It’s important to remember that with sticky substances, like steroids, not all pitchers have been cheating. Among the top 25 four-seam spin rate pitchers on June 3, for example, Daniel Bard, Tanner Scott, Yu Darvish, Joe Musgrove and Ryan Pressly last week maintained elite spin rates more than 2,500 RPMs. These pitchers from that group, however, did show a noticeable drop:
Four-Seam RPM Decline, Last Week Compared to June 3
*cut fastball
How in the world did we get here? Look at MLB four-seam spin rates by month. You will see a gradual, steady rise starting in 2018—with spikes in postseasons when the best (and some would savviest) pitching staffs take the mound. The clear anomaly is this month with its sharp 61-RPM drop—made possible only by enforcement of the rules—which followed the highest regular season monthly spin rate in recorded history.
What does this mean for the rest of the year? The biggest effect seems to be the collapsing of the top end of spin rate. The use of sticky substances long ago jumped from “The ball is slick; I need a grip aid” to “I’m chasing as much spin as possible because higher spin means the pitch is tougher to hit.”

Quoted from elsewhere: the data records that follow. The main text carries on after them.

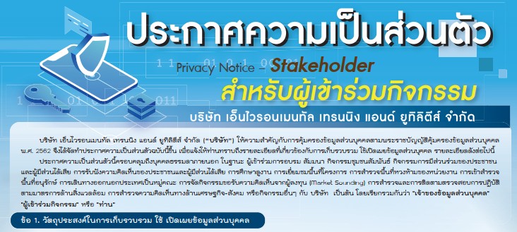 ประกาศความเป็นส่วนตัวสำหรับผู้เข้าร่วมกิจกรรม (Privacy Notice – Stakeholder)
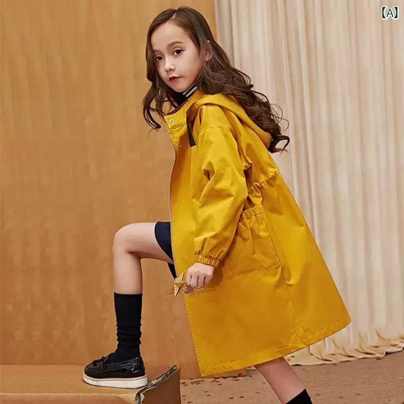 ウインドブレーカーコートキッズ女の子子供服アウター春秋韓国無地ロング丈防風カジュアルイエローグリーン
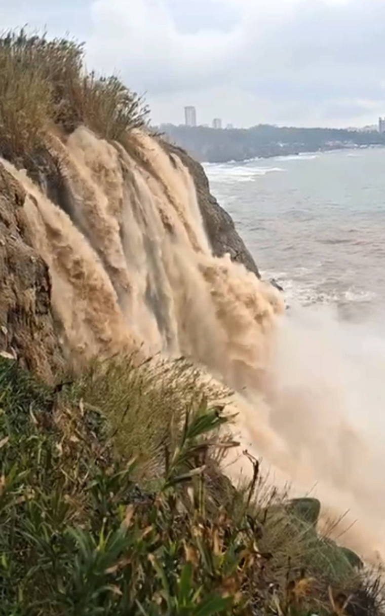 Sağanak sonrası, şiddetli akan Düden Şelalesi'nin rengi de kahverengiye döndü. Muratpaşa ilçesi Lara bölgesinden denize dökülen şelalede, tersten gelen rüzgar şelale sularını deniz yerine karaya savurdu. Şelalenin denizle buluştuğu noktaya gelenler, çamur gibi akan suyu görünce şaşkınlık yaşadı. Çamurlu su deniz üzerinde de kahverengi tabaka oluşturdu.
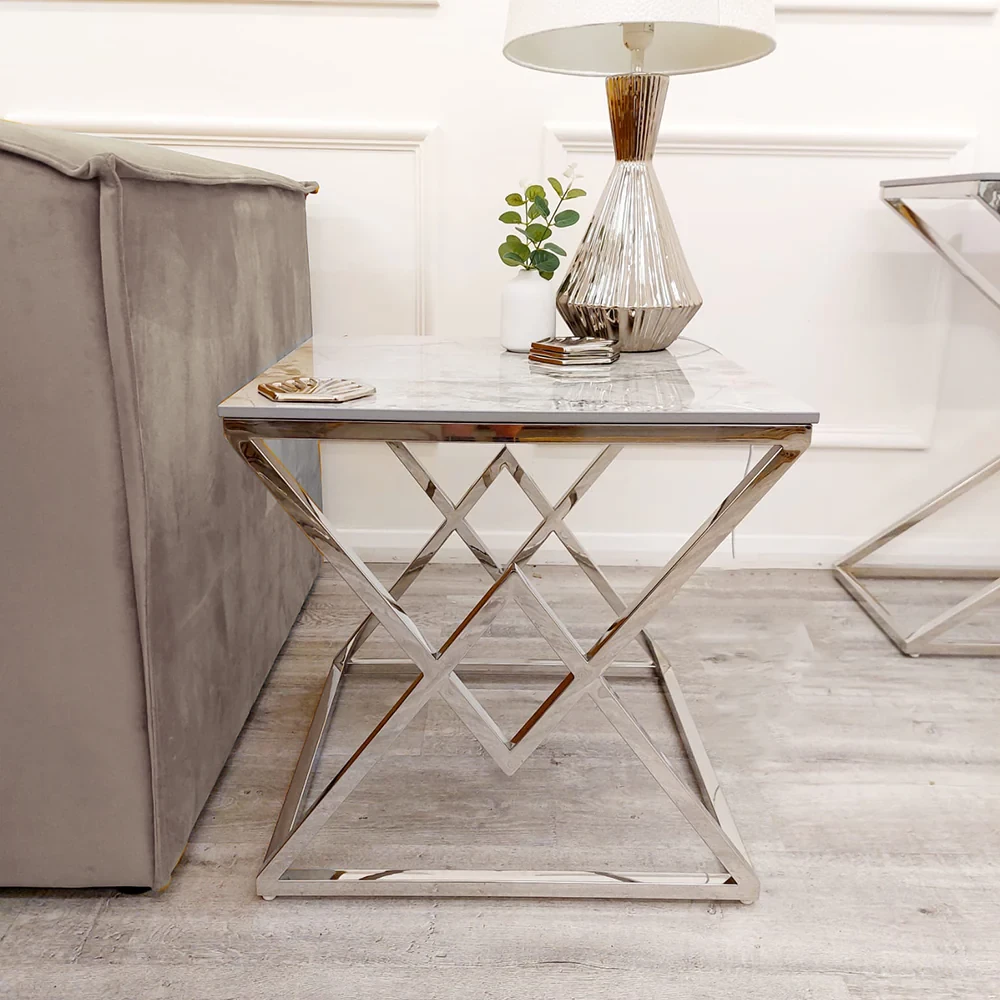 Add a stylish and functional accent to your room with the Aurora Chrome Lamp Table—ideal for enhancing any modern decor with its chic, structured design. -

Consider this example. Let’s say I have an average fastball with a spin rate between 2,200 and 2,300. If I throw it right down the middle, hitters bat .329 against it. But if I boost my spin to 2,500 or more—same pitch, same location, just more spin—batters hit .292. That’s a 37-point reduction based entirely on using a grip aid to spin the ball faster. And the effect is even more pronounced if those fastballs are thrown to the upper third of the strike zone: a 51-point suppression of offense with the spin boost.
Fastballs that spin 2,500 RPMs or more are hard to hit. Batters hit just .218 against them, compared to .257 on pitches below that spin threshold. By reducing those super-spin fastballs from 17.2 per game with no enforcement to 5.3 per game last week, baseball should see an uptick in offense, fewer swings and misses and a game in which the guy with the best chemist doesn’t have an unfair advantage. Even with TSA-style pat downs—awkward but necessary considering how we got here—that is nothing but good for the game.
More Sticky Stuff Coverage:
• Sticky Cleanup: What Pitch-Doctoring Enforcement Means for MLB
• He Made Sticky Stuff for MLB Pitchers for 15 Years. Now He's Speaking Out.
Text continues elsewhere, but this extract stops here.